While studying the decreased respiratory effort caused by morphine (which lowers the brainstem acetylcholine level), Weinstock-Rosin found by "amazing coincidence" a drug, rivastigmine, that selectively increased acetylcholine levels in the frontal lobes. She soon realized this drug, a semi-synthetic derivative of physostigmine, found by accident, could be helpful for Alzheimer's disease, which has a specific decrease of acetylcholine in this same region. The drug was sold to Sandoz, now a part of Novartis. She tried to interest Teva, the only major Israeli drug maker at the time, but they were not interested. Weinstock-Rosin and the university were granted "fine royalties." The origin of the drug was kept secret, ostensibly because of the Arab boycott, and it was not until 1997 that Weinstock-Rosin received recognition for her discovery. It was developed and patented in 1985 and came into medical use as Exelon in 1997. Rivastigmine capsules, liquid solution and patches are used for the treatment of mild to moderate dementia of the Alzheimer's type, and in the UK for mild to moderate Parkinson's disease dementia. The drug slows cognitive decline and improves memory in affected patients. The drug was commercialized by Novartis with annual sales of $1 billion. After developing rivastigmine, her research focus turned to finding a preventative treatment for Alzheimer's.

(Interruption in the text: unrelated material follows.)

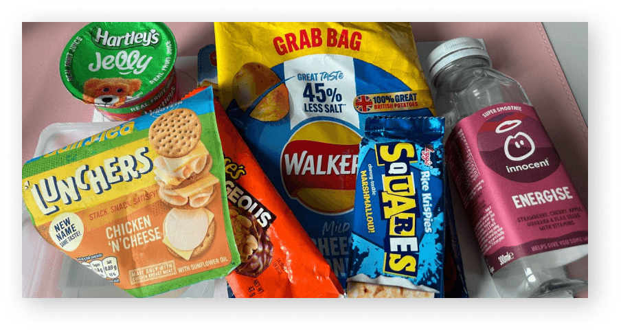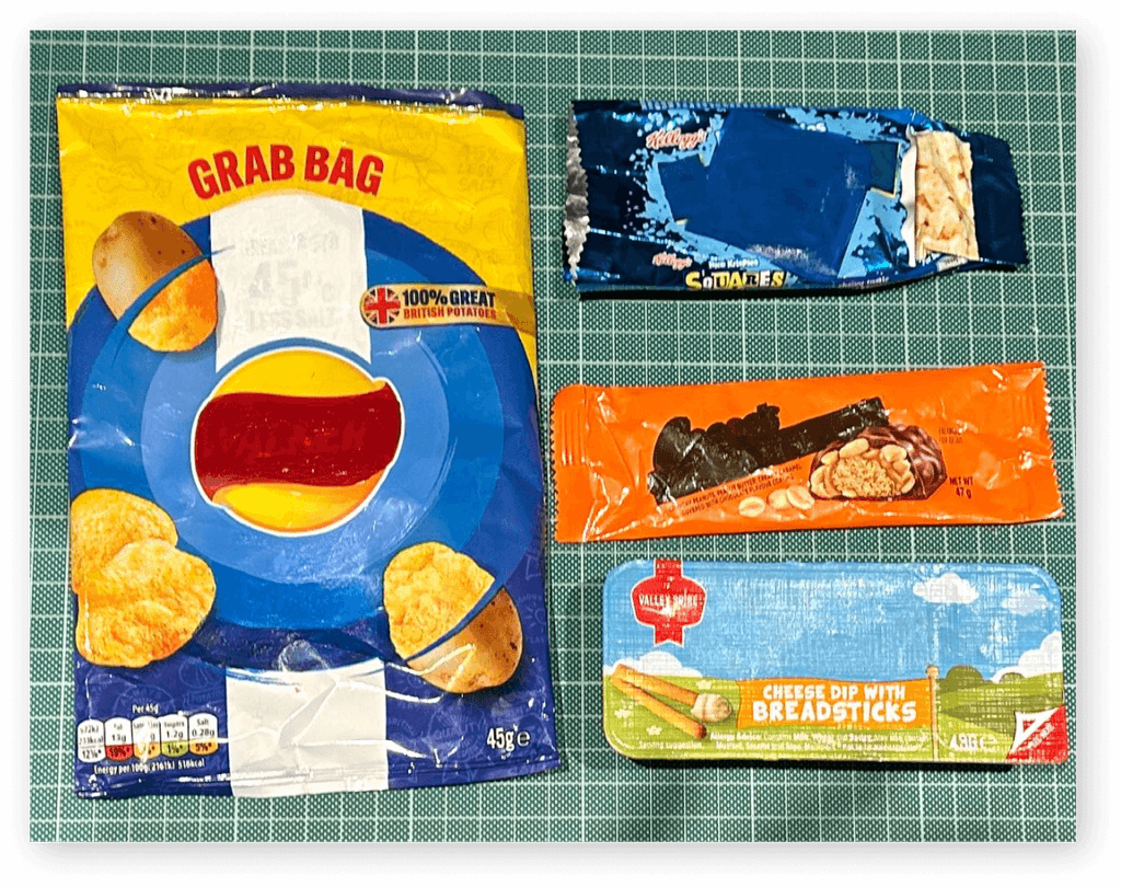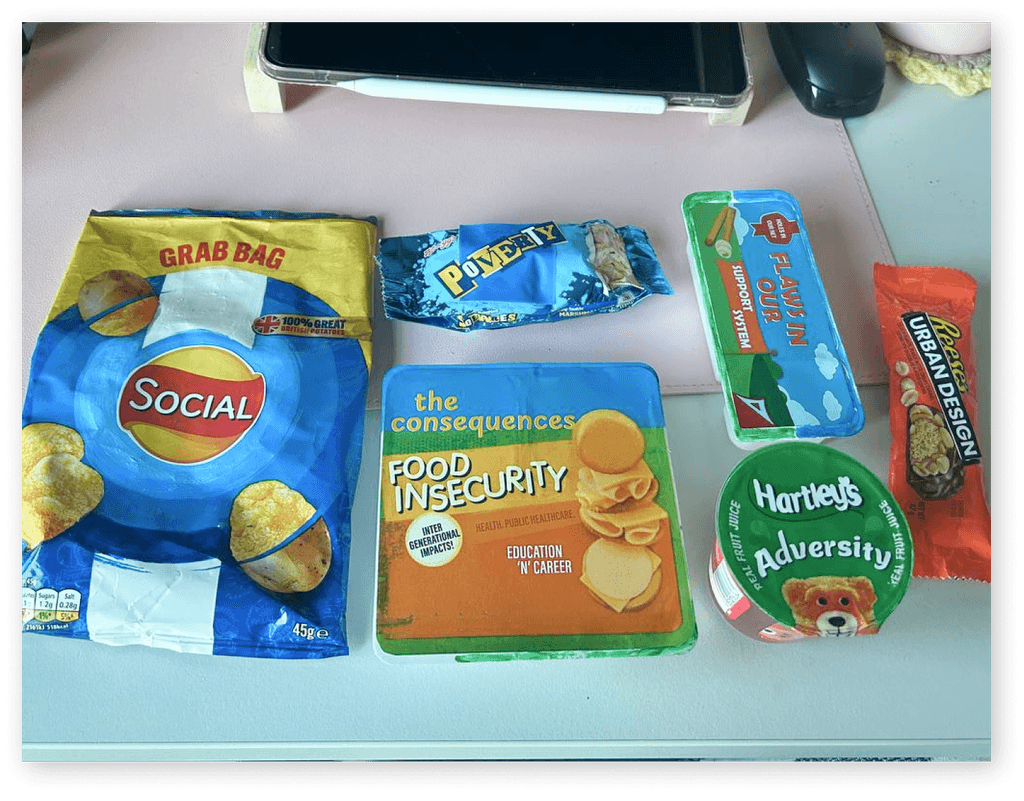 To realistically represent the contents of a lunchbox from a food-insecure household, I needed to identify common, less-nutritious school lunch items. This involved researching online blogs and Reddit forums. The props were then prepared by emptying, washing, and obscuring the packaging.

Weinstock-Rosin won the 2014 Israel Prize for Medicine for her discovery of rivastigmine. In 2015 she was honored as one of the torchbearers in the national Israeli Independence Day ceremony.

In 2026, Weinstock-Rosin won the Bonei Zion Prize in the Lifetime Achievement category.

She is an emeritus professor at the Hebrew University's School of Pharmacy.

==Personal==
Weinstock-Rosin is an Orthodox Jew. She married Arnold Rosin, an academic gerontologist, in 1960; they have four children and 20 grandchildren.